The input:
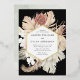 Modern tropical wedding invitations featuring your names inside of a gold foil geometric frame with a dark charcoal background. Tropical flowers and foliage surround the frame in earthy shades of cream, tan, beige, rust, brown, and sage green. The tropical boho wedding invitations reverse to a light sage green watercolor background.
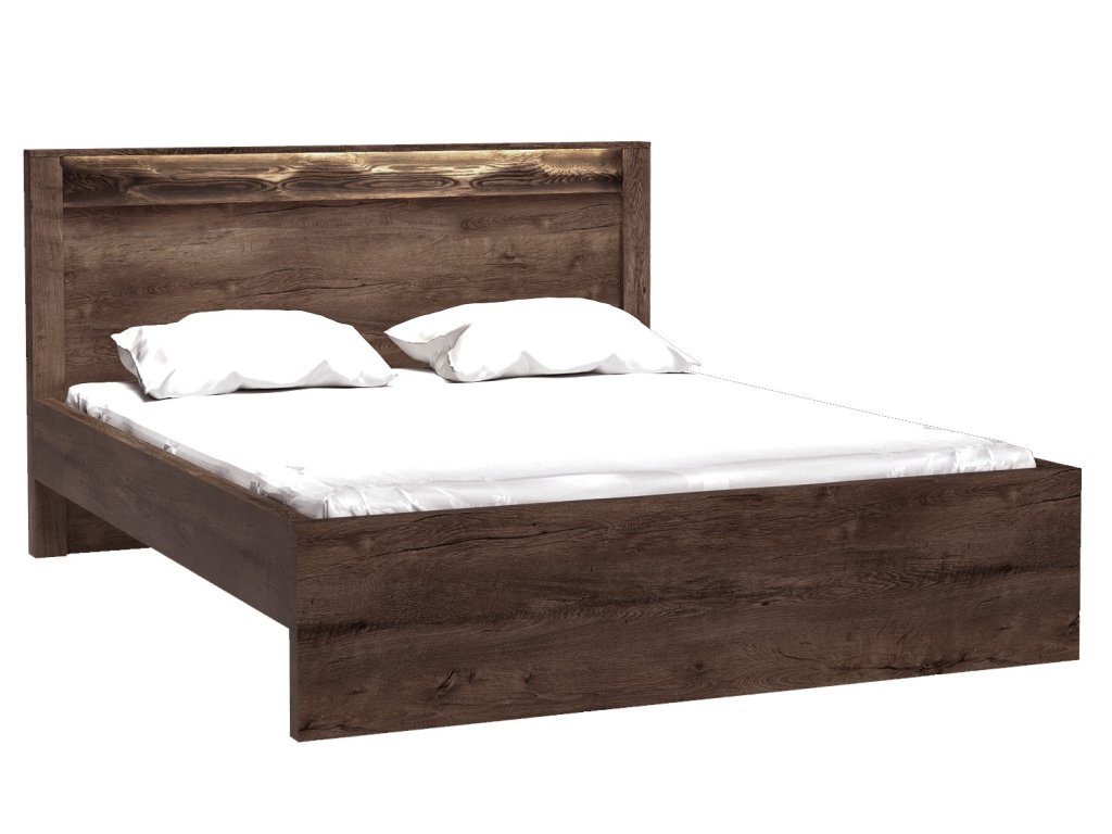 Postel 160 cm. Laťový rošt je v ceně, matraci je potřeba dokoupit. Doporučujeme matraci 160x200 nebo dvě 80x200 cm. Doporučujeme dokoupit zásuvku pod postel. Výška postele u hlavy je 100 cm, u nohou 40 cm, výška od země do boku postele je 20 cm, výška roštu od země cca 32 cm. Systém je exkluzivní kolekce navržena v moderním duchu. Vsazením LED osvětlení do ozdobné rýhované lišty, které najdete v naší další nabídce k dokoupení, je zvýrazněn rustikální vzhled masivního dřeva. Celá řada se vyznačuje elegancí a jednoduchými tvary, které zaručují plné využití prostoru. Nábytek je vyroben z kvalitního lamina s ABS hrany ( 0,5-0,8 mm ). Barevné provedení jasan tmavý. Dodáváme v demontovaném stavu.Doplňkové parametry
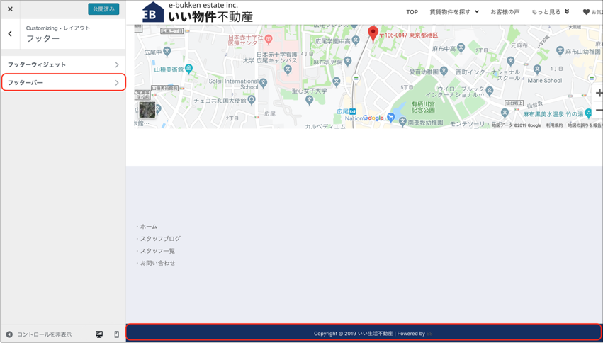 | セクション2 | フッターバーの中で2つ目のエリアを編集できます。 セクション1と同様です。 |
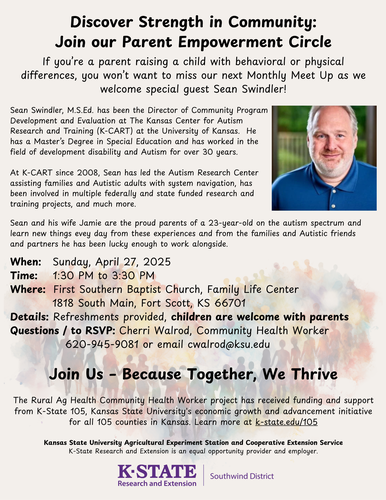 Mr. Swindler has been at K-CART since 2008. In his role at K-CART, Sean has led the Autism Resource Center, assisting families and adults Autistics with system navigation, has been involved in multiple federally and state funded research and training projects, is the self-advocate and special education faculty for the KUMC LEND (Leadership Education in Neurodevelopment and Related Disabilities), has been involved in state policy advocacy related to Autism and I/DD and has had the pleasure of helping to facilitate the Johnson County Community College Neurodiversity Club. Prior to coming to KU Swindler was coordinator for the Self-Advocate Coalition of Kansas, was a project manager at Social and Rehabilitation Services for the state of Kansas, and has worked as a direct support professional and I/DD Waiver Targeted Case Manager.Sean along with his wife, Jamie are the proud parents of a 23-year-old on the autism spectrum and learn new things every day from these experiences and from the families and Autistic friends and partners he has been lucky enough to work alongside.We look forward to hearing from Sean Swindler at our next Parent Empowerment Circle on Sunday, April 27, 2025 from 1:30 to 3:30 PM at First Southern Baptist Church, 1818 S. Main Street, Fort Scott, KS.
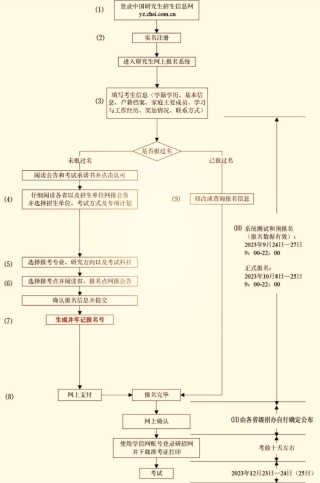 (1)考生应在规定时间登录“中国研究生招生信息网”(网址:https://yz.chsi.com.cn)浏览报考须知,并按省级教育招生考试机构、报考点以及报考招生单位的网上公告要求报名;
---
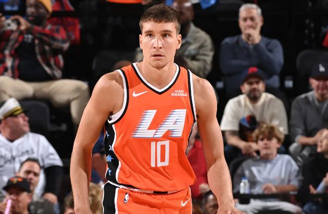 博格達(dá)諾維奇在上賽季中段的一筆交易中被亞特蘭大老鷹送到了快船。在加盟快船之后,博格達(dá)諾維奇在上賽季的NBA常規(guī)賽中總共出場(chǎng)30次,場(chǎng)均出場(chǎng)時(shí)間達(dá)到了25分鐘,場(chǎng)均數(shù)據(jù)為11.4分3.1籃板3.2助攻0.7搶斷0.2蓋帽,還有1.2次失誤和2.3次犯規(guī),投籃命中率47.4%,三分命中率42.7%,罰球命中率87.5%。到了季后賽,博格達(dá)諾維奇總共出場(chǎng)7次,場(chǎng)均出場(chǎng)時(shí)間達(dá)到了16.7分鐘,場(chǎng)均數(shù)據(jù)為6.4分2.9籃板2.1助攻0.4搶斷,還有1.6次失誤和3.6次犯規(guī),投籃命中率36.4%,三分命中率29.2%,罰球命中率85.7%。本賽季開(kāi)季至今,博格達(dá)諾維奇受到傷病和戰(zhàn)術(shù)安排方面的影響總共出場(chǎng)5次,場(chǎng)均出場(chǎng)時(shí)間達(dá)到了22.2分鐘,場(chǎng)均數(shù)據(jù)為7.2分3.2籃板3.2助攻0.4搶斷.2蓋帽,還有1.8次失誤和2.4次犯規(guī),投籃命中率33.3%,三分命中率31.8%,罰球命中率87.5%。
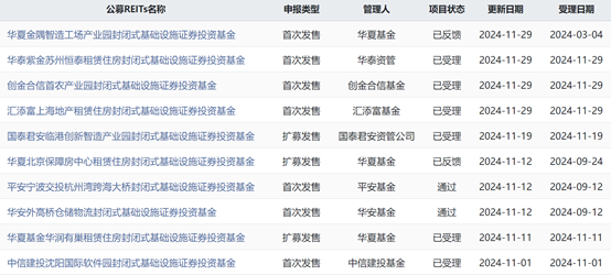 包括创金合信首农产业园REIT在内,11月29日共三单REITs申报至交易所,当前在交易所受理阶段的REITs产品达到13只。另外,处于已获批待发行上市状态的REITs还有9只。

Problem to solve: Range to copy from the listing above: the line with "Modern tropical wedding" through the line with "フッターバーの中で2つ目のエリアを編集できます。 セクション1と同様です。 |". Transcribe it exactly and skip the pictures.

Solved problem:
 Modern tropical wedding invitations featuring your names inside of a gold foil geometric frame with a dark charcoal background. Tropical flowers and foliage surround the frame in earthy shades of cream, tan, beige, rust, brown, and sage green. The tropical boho wedding invitations reverse to a light sage green watercolor background.
 Postel 160 cm. Laťový rošt je v ceně, matraci je potřeba dokoupit. Doporučujeme matraci 160x200 nebo dvě 80x200 cm. Doporučujeme dokoupit zásuvku pod postel. Výška postele u hlavy je 100 cm, u nohou 40 cm, výška od země do boku postele je 20 cm, výška roštu od země cca 32 cm. Systém je exkluzivní kolekce navržena v moderním duchu. Vsazením LED osvětlení do ozdobné rýhované lišty, které najdete v naší další nabídce k dokoupení, je zvýrazněn rustikální vzhled masivního dřeva. Celá řada se vyznačuje elegancí a jednoduchými tvary, které zaručují plné využití prostoru. Nábytek je vyroben z kvalitního lamina s ABS hrany ( 0,5-0,8 mm ). Barevné provedení jasan tmavý. Dodáváme v demontovaném stavu.Doplňkové parametry
 | セクション2 | フッターバーの中で2つ目のエリアを編集できます。 セクション1と同様です。 |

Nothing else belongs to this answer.